Are breweries with a few or many beer styles those with higher reviews_overall?

avg.brewer.style = beer[, .(num_styles = uniqueN(beer_style), review_overall = mean(review_overall, na.rm = TRUE)), by = beer_brewerId]
ggplot(data = avg.brewer.style, aes(x = num_styles, y = review_overall)) +
  geom_point() +
  geom_smooth(method = "lm", color = "red") +
  labs(title = "Number of Beer Styles vs. Average Review Overall", x = "Number of Beer Styles", y = "Average Review Overall") +
  scale_x_continuous(breaks = seq(0, max(avg.brewer.style$num_styles, na.rm = TRUE), 5)) +
  theme_minimal()

Alternatively:

# compute 
temp = beer[, list(num_beer_style =length(unique(beer_style)),
                  avg_rating = mean(review_overall, na.rm=T)), by = beer_brewerId]
#compute average review_overall by num_beer_style
avg.brewer.style = temp[, .(avg_rating = mean(avg_rating, na.rm = TRUE)), 
                         by = num_beer_style][order(-num_beer_style)]

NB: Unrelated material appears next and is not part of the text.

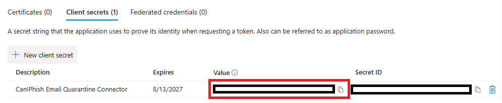 1.19. Your secret will now appear in the Client secrets table. Copy the Value of your newly created secret to your clipboard or text editor:

ggplot(data = avg.brewer.style, aes(x = num_beer_style, y = avg_rating)) +
  geom_line() + geom_point() +
  labs(title = "Average Review Overall by Number of Beer Styles", x = "Number of Beer Styles", y = "Average Review Overall") +
  scale_x_continuous(breaks = seq(0, max(avg.brewer.style$num_beer_style), 5)) +
  scale_y_continuous(labels = scales::number_format(scale = 1)) +
  theme_minimal()

Suppose you were tasked with helping a brewery decide which and how many beers to produce. How can you use this data to answer these questions? You can utilize some of the analyses you performed above and also add new ones (for example, we did not examine time trends). Prepare a brief presentation that discusses the analyses supporting your decisions.